Oyunda aynı zamanda dairemizin balkonuna çıkarak buradan dışarı bakabiliyor, elimize aldığımız sigarayı burada istediğimiz şekilde yakabiliyor ve manzarayı bir bakış atarak eski günleri yad edebiliyoruz. Dolayısıyla burada yaptığımız hamlelerle beraber gerçekten de neler çektiğimizi doğrudan görebiliyor ve elimizden geleni yapmaya koyularak bu duygulardan kurtulmak istiyoruz. Elbette aşk hayatı boyunca yanlış kararlar verdiğimiz ve neler yaşadığımız konusunda da fikir sahibi olabildiğimizi yapımda burada Walter adlı karakterin neler yaşadığını doğrudan görebiliyor ve bu karakterin aşk hayatı boyunca nasıl bir yaşantı içerisine girdiğini deneyimlemek durumunda kalıyoruz.

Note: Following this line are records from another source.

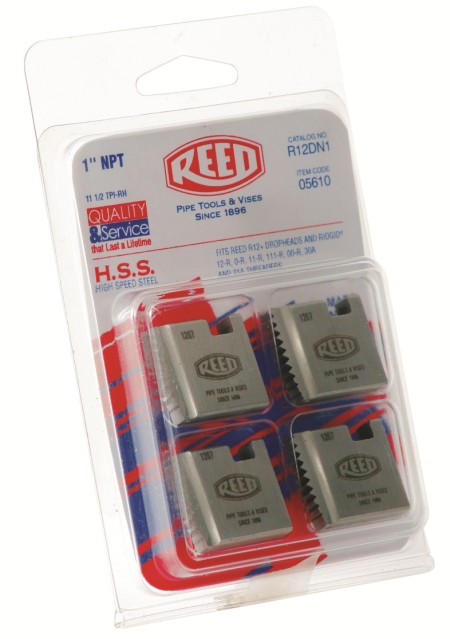 Loading... Please wait...Reed knows how to cut a good thread and high speed steel (HSS) R12+ Segmental Dies show this with cutting edges manufactured in-house by precision CNC machinery. The 1/2” through 2” die segments are available in NPT, NPSM, NPT for PVC, and BSPT. The segmental die design enables smooth chip flow and easy cutting. R12+ die sets are replaceable parts for Reed R12+ Dropheads, as well as the following Ridgid® dropheads: 12-R, 00-R, 111-R, 0-R, 11-R, 30A and 31A threaders. Segmental dies are sold in full sets of four.
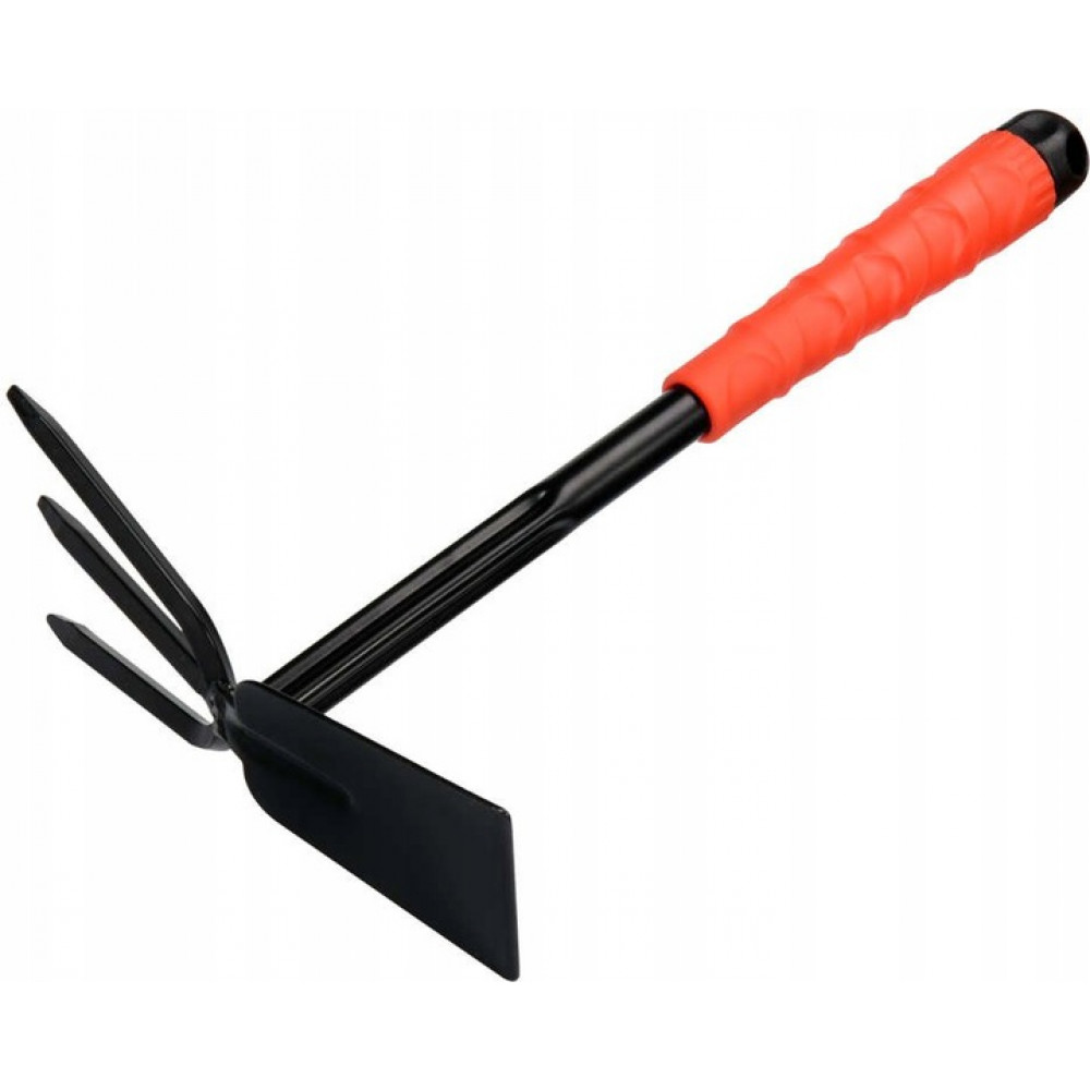 Благодаря своей специальной конструкции, эта мотыга является универсальным инструментом, позволяющим совершать множество садовых операций: разрыхление почвы, прополка, окучивание, создание лунок для семян. Рабочая часть инструмента изготовлена из высококачественной хромированной стали, защищенной от коррозии. С одной стороны мотыги имеется 3 зубца, а другая сторона треугольной формы.
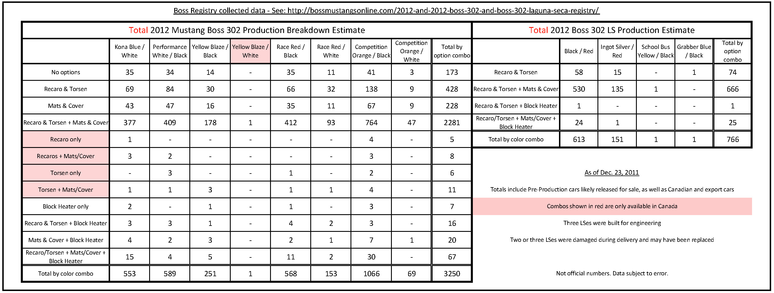 Here are the Canadian numbers. This one is the 1 ordered with out the cover and floor mats. Kind off neat that it is the only one ordered that way.

Yaptığımız hamlelerle beraber gidişatına verebildiğimiz tüm duygularımızı bir karton kutuya sığdırabildiğimiz ve imkansız gibi görünen duyguları aşmaya çalıştığımız bu yapım, 20 Haziran tarihinde biz oyun severlerin karşısına çıkmaya hazırlanıyor. Bir sonuca varmaya çalıştığımız ve bu sonuçların etkisiyle beraber ilerlemeye başladığımız yapımda şu anda Steam sayfası açık durumda ve dilerseniz Steam Sayfası üzerinden istek listenize ekleyebilir ve çıkış yaptığı gün bir bildirim alabilirsiniz. Bildiğiniz üzere istek listenize eklediğiniz oyunlar mail adresinize bir bildirim aracılığıyla geliyor ve böylece oyuna unutsanız bile haberdar olabiliyorsunuz. Dolayısıyla bu tarz oyunlardan hoşlanıyorsanız, bu oyuna bir göz atabilir ve bir şans verebilirsiniz.
Karanlık bir atmosferde geçen ve çeşitli seçimlerle şekillendirilebilen bir yapının sunulduğu bu oyunda, kaybedilen bir aşk hikayesiyle karşı karşıya kalıyoruz. Bağımsız bir geliştirici tarafından sunulan içerik, sürükleyici bir hikaye anlatımı vadediyor. Oyuncular, grafik ve animasyon beklentilerini dengeli bir şekilde düşürmeleri öneriliyor. Hikaye, kaybedilen bir aşk teması üzerine odaklanarak, geçmişin hayaletlerini keşfetmeye çalışıyor.
Oyuncular, aşkın getirdiği acı ve ıstırapla başa çıkarken, evdeki nesnelerle etkileşime girerek geçmişte yaşananları yeniden canlandırma fırsatına sahip durumda. Duygusal bir yüke sahip olan hikaye, oyuncuların seçimleriyle gidişatı etkileme ve araştırma yapma imkanı sunuyor. Keskin duygularla başa çıkmak zorunda kalan karakterimiz, oyuncuların duygusal deneyimlerini ön plana çıkarıyor ve karakterin iç dünyasını keşfetmeyi amaçlıyor. Oyunun amacı, karakterin duygusal yolculuğunu vurgulamak ve ana karakterimizin yaşadıklarını hissettirmek.